Eine deutliche Absage also an die Pläne der rot-grünen Koalition. Nun blickt man von Flensburg bis Konstanz auf den Sonderparteitag am 13. Mai in Hagen. Der grüne Kreisverband Hamburg-Bergedorf kündigt bereits jetzt an: "Sollte eine Bundesdelegiertenkonferenz den Kurs der Bundesregierung legitimieren und womöglich fördern, wird umgehend eine Mitgliederversammlung des Kreisverbandes einberufen, auf der wir uns gemeinsam eine neue politische Heimat suchen oder geben werden." Auch in der Lübeck Ortsgruppe spekuliert man darüber, die Gesamtpartei zu verlassen. "Solange Fischer Außenminister ist", läßt der grüne Jurist Wolfgang Neskovic vom Kreisverband der Stadt wissen, werde er "bei Bundestagswahlen die Grünen nicht wählen." In Bielefeld konnten sich die Kriegsgegner am Wochenende knapp mit 44 gegen 42 Stimmen für einen sofortigen Stopp der Bombardierungen durchsetzen.

Etwa ähnlich, so schätzt der zum linken Flügel zählende Bundestagsabgeordnete Christian Simmert, dürfte das Verhältnis auch beim Sonderparteitag am 13. Mai in Hagen ausfallen.
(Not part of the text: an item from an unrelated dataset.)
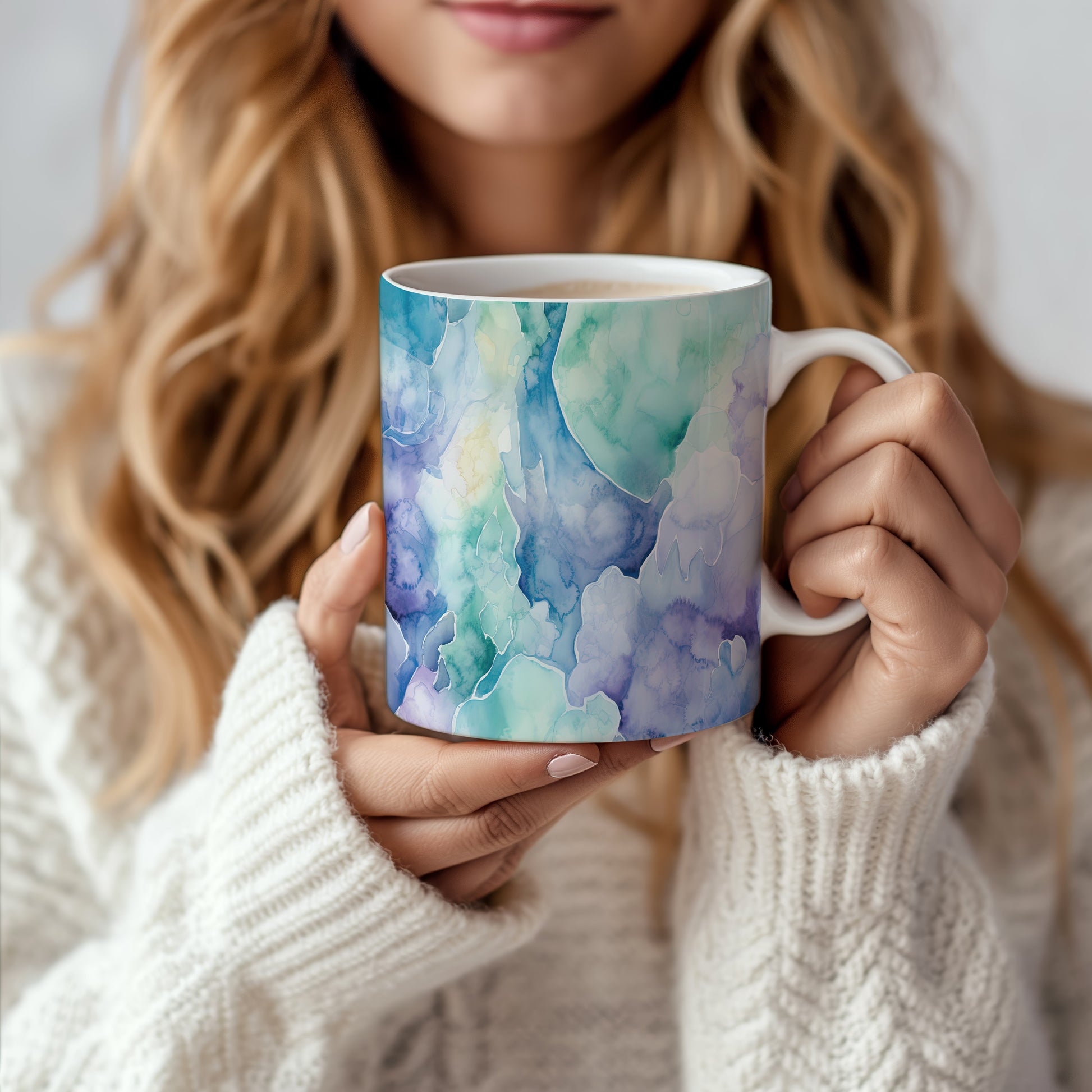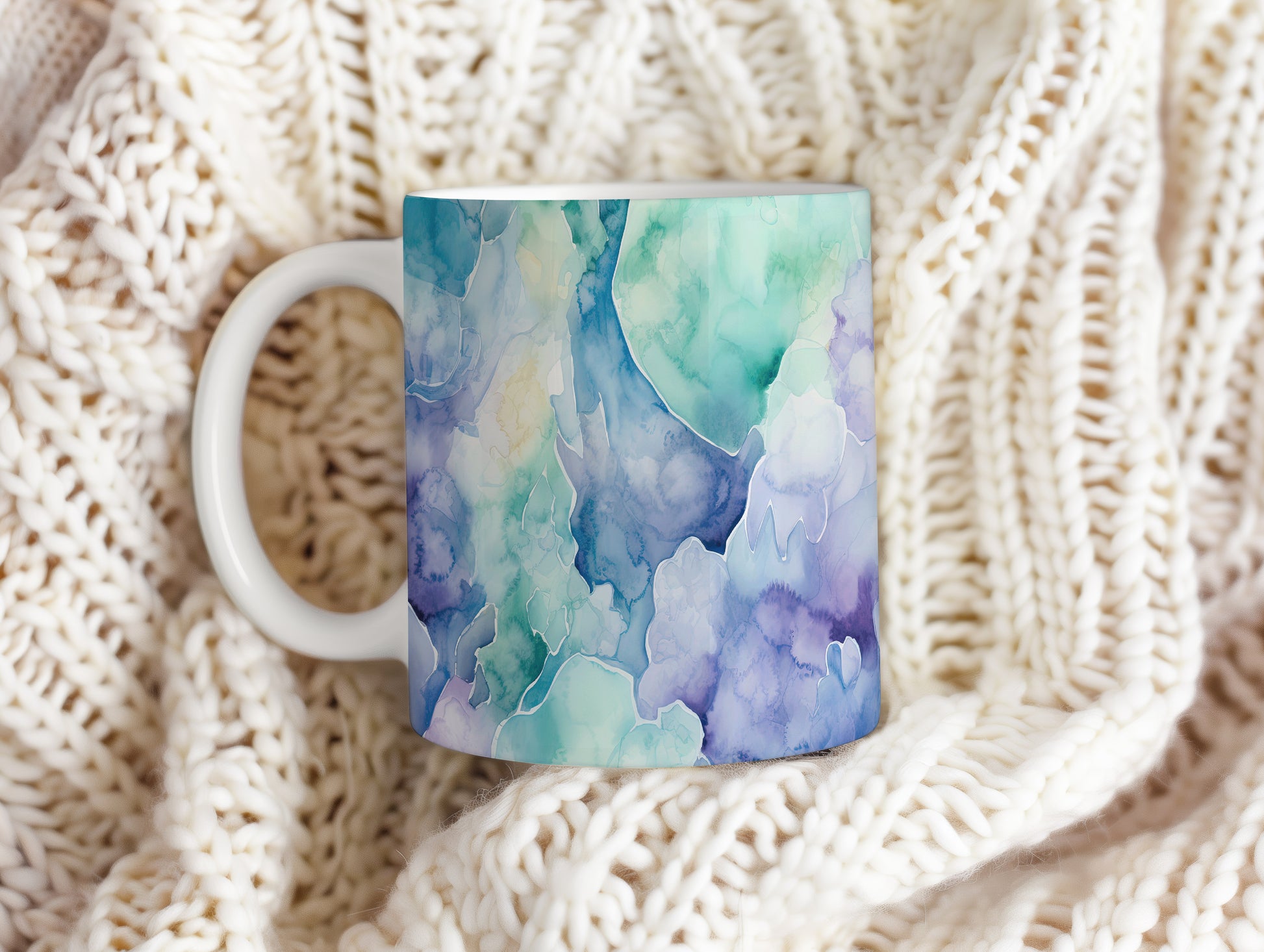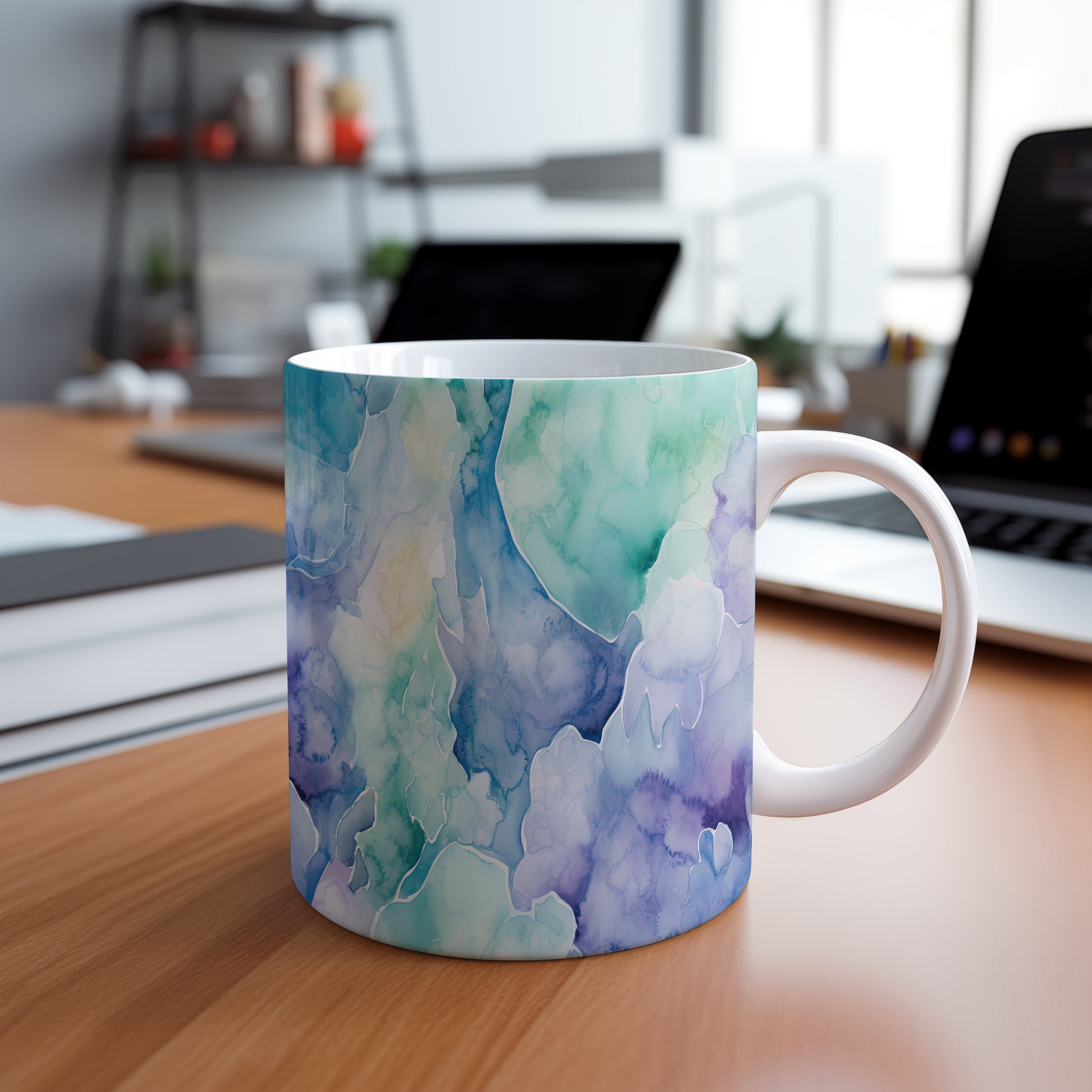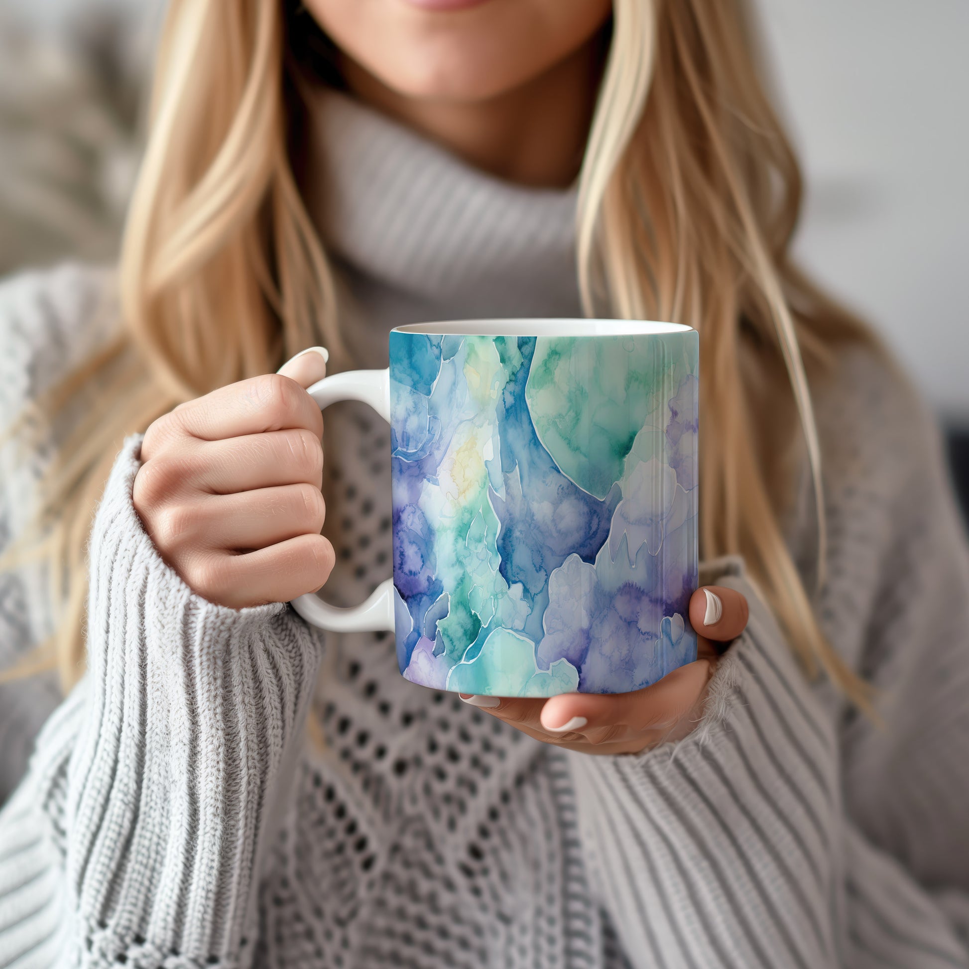 Elegantní akvarelový hrnek s modro-zeleným vzorem

Simmert ist angesichts der makabren Situation optimistisch: "Wenn der Krieg weitergeht und sogenannte Erfolge ausbleiben, werden noch mehr von der Ausweglosigkeit der Bombardierungen überzeugt sein." Der Hamburger Cremer beziffert das Kräfteverhältnis derzeit ebenso auf "ungefähr fifty-fifty".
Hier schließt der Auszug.